Maria Rosário - Acho que eu queria estudar o sistema de crenças dos Kaimbé.

Coqui - Os Kaimbé ficam numa aldeia próxima aos Kiriri.
Maria Rosário - Exato. Na região havia, tradicionalmente, quatro aldeias Kiriri: Saco dos Morcegos, atual Mirandela, Natuba, atual Soure, Canabrava, atual Pombal, e Geru, atual Tomar do Geru, em Sergipe. No mesmo período, Pedro Agostinho elabora um Projeto de Pesquisas sobre Povos Indígenas na Bahia, depois redenominado Programa de Pesquisas Povos Indígenas do Nordeste Brasileiro, uma ampliação do projeto original. A partir daí, a gente começa a ampliar o raio geográfico e etnográfico de ação. Não havia mais sentido ficarmos limitados apenas à Bahia. A preocupação do Pedro Agostinho sempre foi a de criar um programa de pesquisas de caráter acadêmico combinado com uma Antropologia, digamos, mais engajada; na medida em que ele sempre considerou que a intervenção deveria ser precedida de um conhecimento sistemático sobre a realidade investigada. Nesse sentido, talvez seja possível afirmar que é uma marca característica nossa - isto é, do PINEB -- nunca sugerir uma intervenção sem um conhecimento prévio daquele povo. Só se pode intervir, só se deve sugerir qualquer alteração, qualquer medida para um determinado grupo, uma vez o antropólogo tenha um mínimo de conhecimento sobre o plano das relações econômico-sociais-e-políticas.

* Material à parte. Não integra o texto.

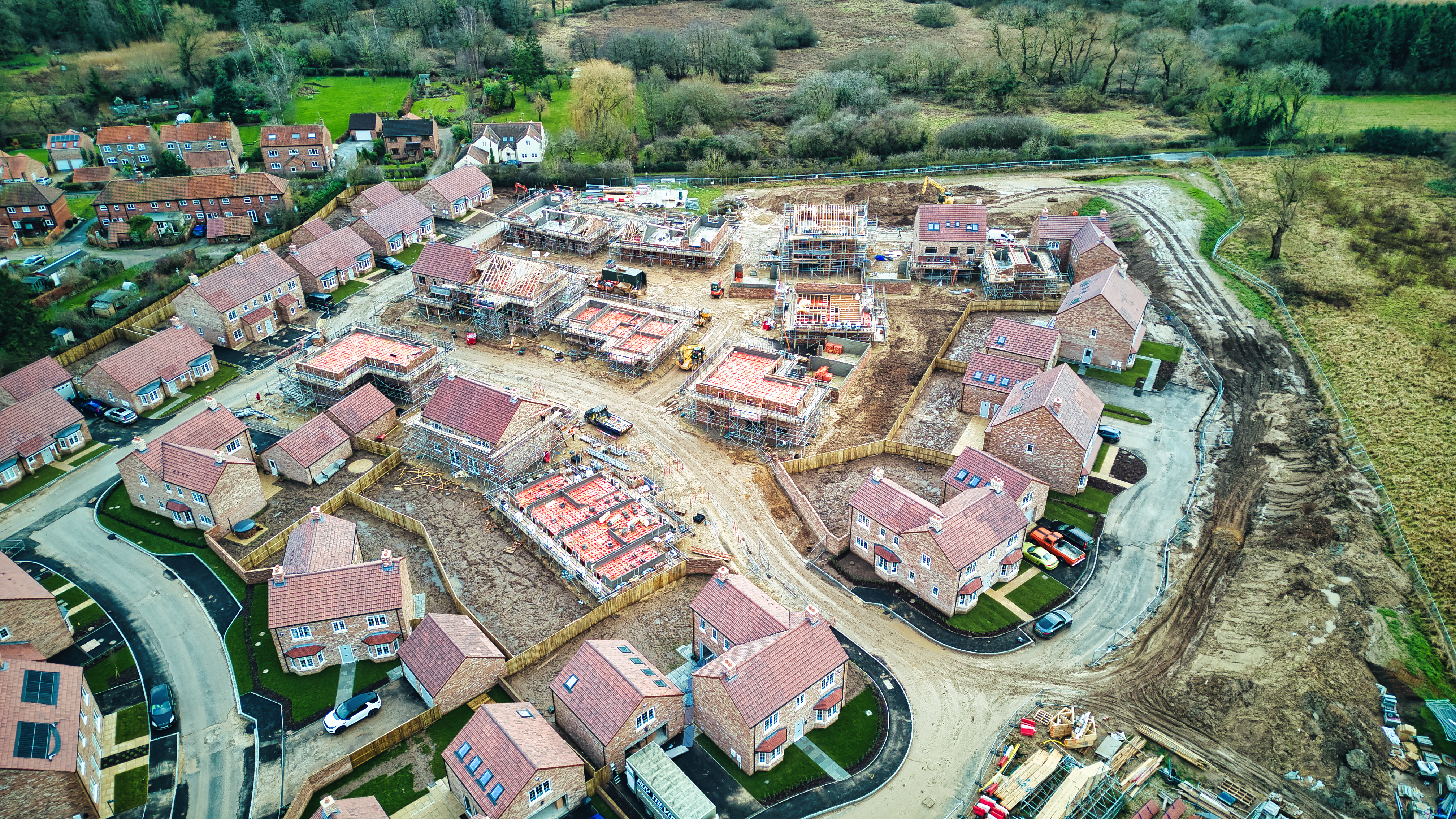 Aerial view of a residential housing development under construction with partially built homes and infrastructure.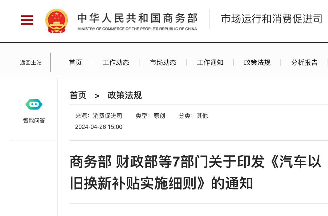 為貫徹落實《國務院關于印發(fā)〈推動大規(guī)模設備更新和消費品以舊換新行動方案〉的通知》(國發(fā)〔2024〕7號)精神,按照《商務部等14部門關于印發(fā)〈推動消費品以舊換新行動方案〉的通知》(商消費發(fā)〔2024〕58號)要求,更好實施汽車以舊換新補貼政策,現將《汽車以舊換新補貼實施細則》印發(fā)給你們,請貫徹執(zhí)行。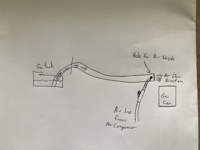 I included some documents for your review. Including a very crude drawing of what I am talking about with the air hose. Hopefully this will make it clear what is supposed to happen. Once you do it, it will make sense because it is very straight forward. You are siphoning fuel the old fashion way but just replacing your mouth with an air nozzle. The only tricky part is getting the angle of the compressed air and possibly the depth in which you put air nozzle into the hose. Play with the angle and depth a little if it doesn't work at first. It will take a couple seconds for the fuel to make it up the hose and come out so don't think it will be immediate.

Coqui - É partindo dessa concepção que nasce a ANAÍ?
Maria Rosário - Exatamente. Só que a ANAÍ nasce um pouco depois.

Coqui - Mas nasce dentro dessa perspectiva.
Maria Rosário - Nasce dentro dessa perspectiva, como uma espécie de prolongamento daquele primeiro projeto. São algumas das pessoas que estavam naquele primeiro projeto de estudo das populações indígenas da Bahia que vão pensar na criação de uma espécie de 'braço político'complementar ao trabalho propriamente acadêmico. Este vai ser a ANAÍ.

Coqui - Retomando...
Maria Rosário - Foi assim pensando que a equipe do PINEB começa um trabalho sistemático de conhecimento. A moçada nova - na qual eu me incluía, naquela época - começou a definir os seus objetos de pesquisa. Eu pensei, inicialmente, em estudar os Kaimbé, mas acabei me definindo pelos Pataxó. Pedro Agostinho começou a pensar nos Pataxó como objeto de um programa-piloto, voltado para estudar o sistema econômico e tendo em vista a questão da demarcação do território.. Foi a partir daí que me interessei em estudar o sistema econômico e ecológico dos Pataxó. Não é possível estudar a economia sem estudar a ecologia. Eu comecei, portanto, pela Antropologia Econômica. Eu tinha uma certa formação de caráter marxista, leituras... Por conta dessa característica, fui, de certo modo, convencida a estudar o sistema econômico dos Pataxó. Antes mesmo de terminar o bacharelado, comecei a fazer o mestrado, estudando os Pataxó.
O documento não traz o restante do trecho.